Итак, Федору было решено дать университетское образование. Такое решение не могло не возбудить толки в бригадирской среде. (МГУ настолько давно держит марку лучшего учебного заведения страны, что невольно возникает иллюзия, будто так было всегда. Однако в начале XIX столетия Московский университет еще не имел этой высокой репутации, ему только предстояло ее заслужить.) Это было время, когда дворяне «пугались премудрости и такому множеству наук, не почитая их для одной головы возможными… Самое слово: студент, звучало чем-то не дворянским!..»{34}.

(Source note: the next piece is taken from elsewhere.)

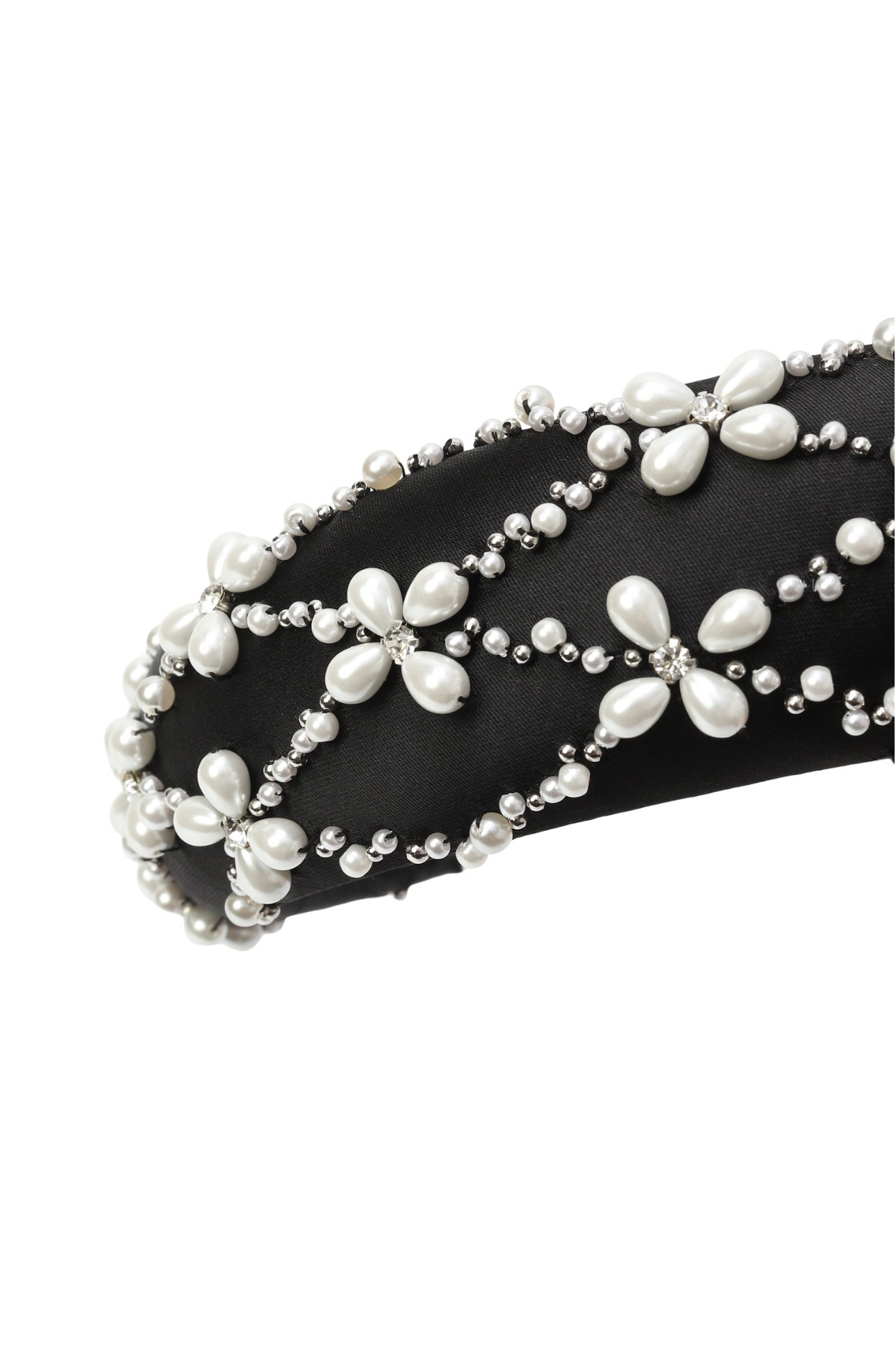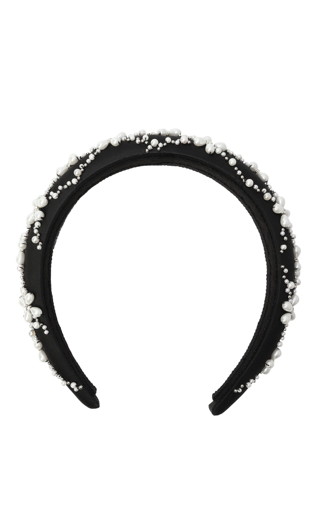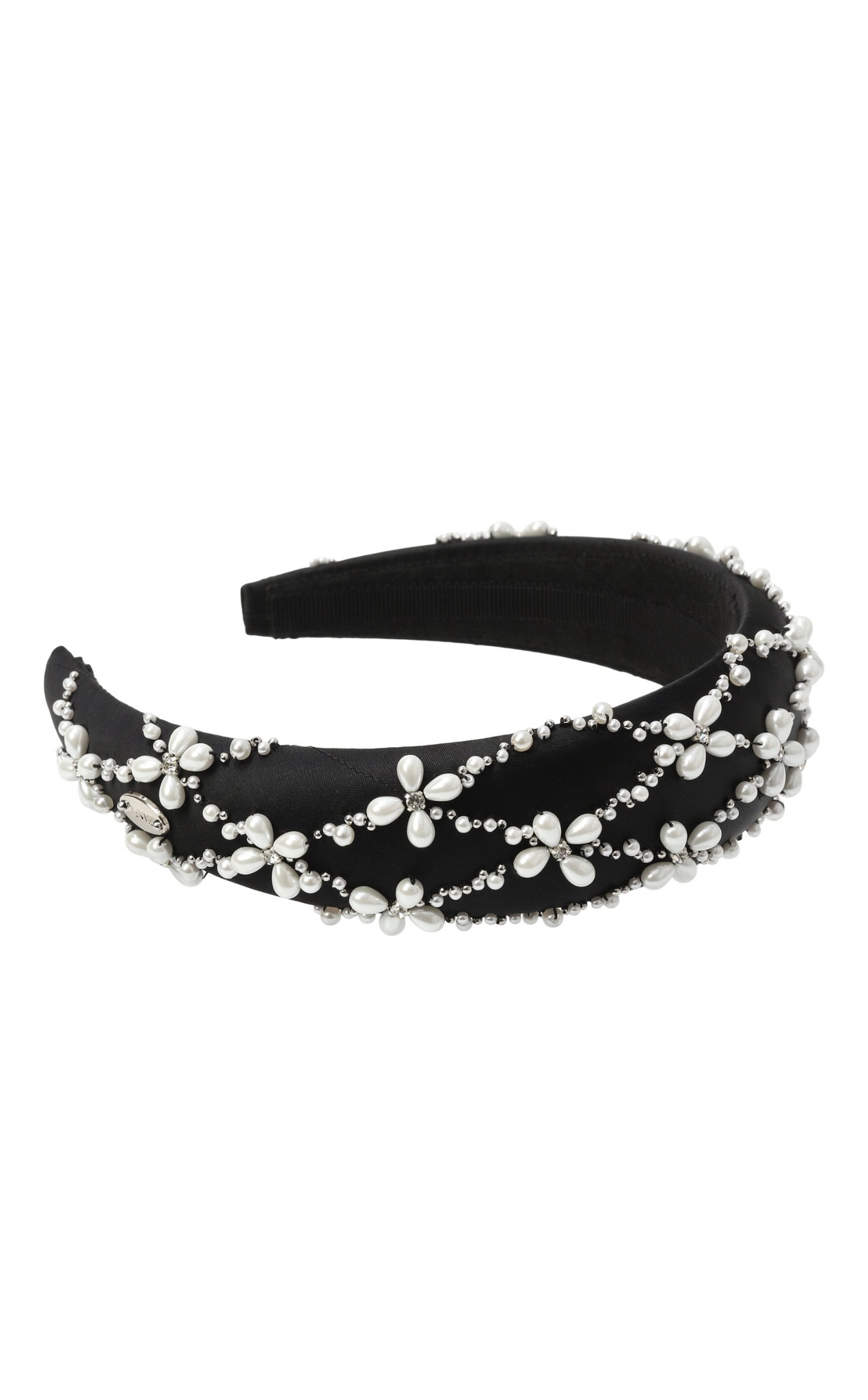 Изысканный ободок ручной работы, созданный из черного шелкового атласа и украшенный жемчужными бусинами, выложенными в изящный узор-сетку. Этот аксессуар — воплощение элегантности и утонченности, идеально дополняющий как вечерние, так и повседневные образы.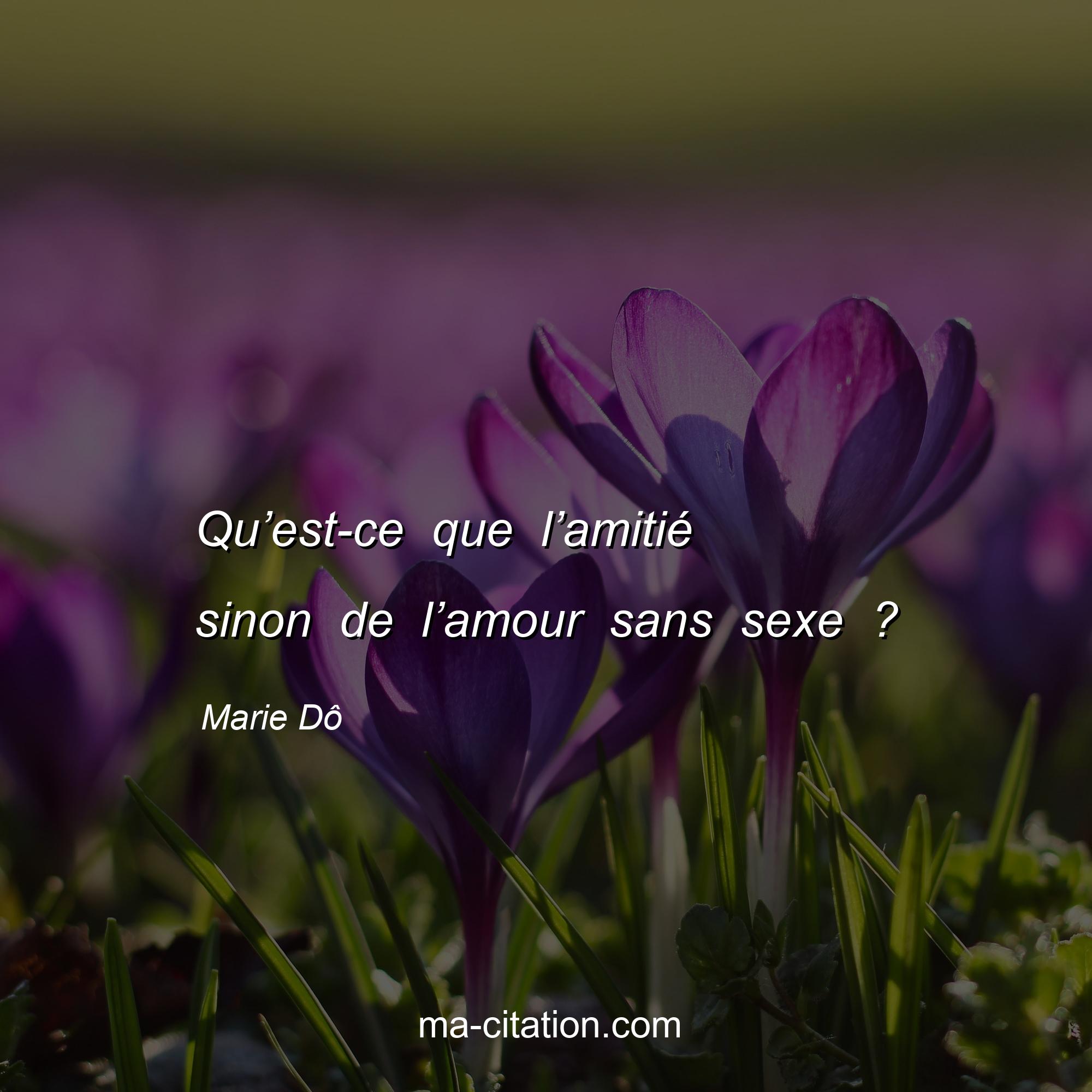 Marie Dô est l'auteur de la citation sur l'amitié "Qu’est-ce que l’amitié sinon de l’amour sans sexe ?".

Осенью 1819 года Федор Тютчев, которому не исполнилось и шестнадцати лет, стал своекоштным студентом словесного отделения Московского университета. На студенческую скамью сел юноша, уже имевший репутацию автора стихов, познавший сладкое бремя первой славы и коротко знакомый с теми, от кого в ближайшие годы зависела его судьба. Еще 22 февраля 1818 года на заседании Общества любителей российской словесности при Московском университете его действительный член, декан словесного отделения и ординарный профессор Московского университета Алексей Федорович Мерзляков прочел стихотворение своего воспитанника Федора Тютчева[5]. 30 марта, на чрезвычайном заседании Общества, юный поэт был почтен званием его сотрудника, и официальная информация об этом событии была опубликована в «Трудах Общества», где вскоре было напечатано тютчевское подражание Горацию. Одновременно с Тютчевым сотрудником Общества стал и Раич. На этом же заседании в почетные члены был избран попечитель Московского учебного округа действительный статский советник и кавалер князь Андрей Петрович Оболенский. Это казалось бы случайное совпадение еще скажется на карьере студента Тютчева, когда спустя два года князь окажет своему юному коллеге весьма существенную услугу, речь о которой впереди.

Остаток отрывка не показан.